Буруковский неопределенно развел руками:

— Не знаю, что и сказать. Говорил больше я, она интересовалась.

— А чем особенно?

— Ну… Красотой вообще. Как и всякая женщина.

— А с Ольгой Владимировной где разговаривали?

— Она сама пришла в комнату к Александре. Поговорили там, потом посидели в малом зале. Затем она снова показывала мне некачественный паркет. В большом зале. Потом мы спустились вниз. И там встретили охранника.

— Убитого Николая Гапченко видели?

— Да, утром. Из окна. Он парк обходил. Как обычно. Мне показался даже веселым.
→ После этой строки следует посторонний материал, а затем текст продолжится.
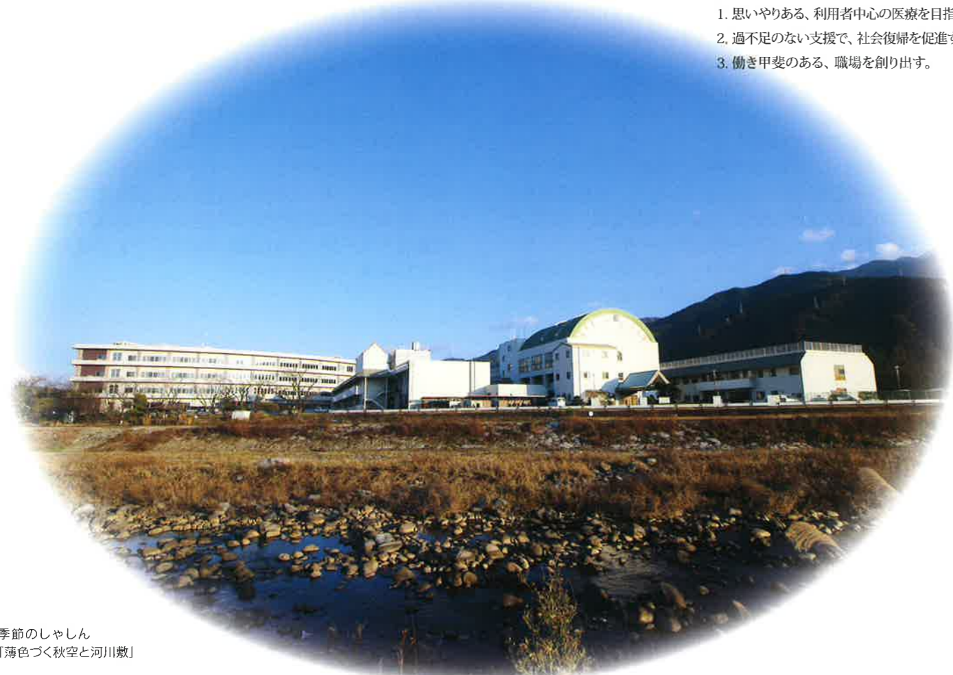
季節のしやしん 「薄色づく秋空と河川敷」

— Вы хорошо знаете охранников?

— Совсем не знаю. Вижу их тут все время, но мы не общаемся. Почти.

— Почти? А когда и как общались?

— Здоровались. И все. Ну, там про погоду что-то… Они помогали материалы разгружать, мебель. Молодых зовут Дима и Коля. Командир их — Игорь Федорович. И еще Антон раньше был. Но я его что-то давно не вижу.

— Значит, свою причастность к смерти Николая Гапченко вы отрицаете?

— Помилуйте! Зачем мне его убивать?!

— Из ревности, например.

— К кому бы это я его ревновал? К Алине что ли? Да это же смешно! Просто смешно!

— Там, где происходят одно за другим убийства, уже не до смеха. Как вы относились к Алине Зацепе?

— Никак. Что у меня с ней могло быть общего?

— Она — девушка молодая, симпатичная, а вы — неженатый мужчина, тоже еще не старый.

— Знаете ли, у меня дома есть… хм, подруга. Несравненно более привлекательная, чем покойная Алина.

— А она вами интересовалась?

Архитектор энергично почесал ухо.

— Она многими интересовалась.

— Как именно?

— Подходила, спрашивала что-нибудь. Любила пообщаться, пококетничать.

— А вы?

— Если было время, разговаривал. Но не очень часто. И у нее, и у меня работы хватало.

— А с охранниками она в каких отношениях была?

— В неплохих. Тоже общались. Видел, как они обедали иногда вместе. И со строителями тоже.

— А вы с ними обедали?

— Нет, обычно с хозяевами.

— Значит, в последнее время такой распорядок был: вы обедаете с хозяевами, в столовой, а все остальные — как?

— Насколько я замечал, в основном, на кухне.

— А Щукина? Где она обедает?

— На кухне, разумеется.

В дверь постучали.

— Да! — откликнулся Кинчев.

Вошел подтянутый Миша Шерман с папкой в руке и молодцевато доложил:

— Экономку допросил. Вот протокол. Какие будут распоряжения?

— Присядь.

Кинчев быстро пробежал глазами протокол допроса Нади Щукиной. Опять, как и в прошлый раз, она не заметила ничего подозрительного. Не видела, чтобы Гапченко входил в дом после обеда.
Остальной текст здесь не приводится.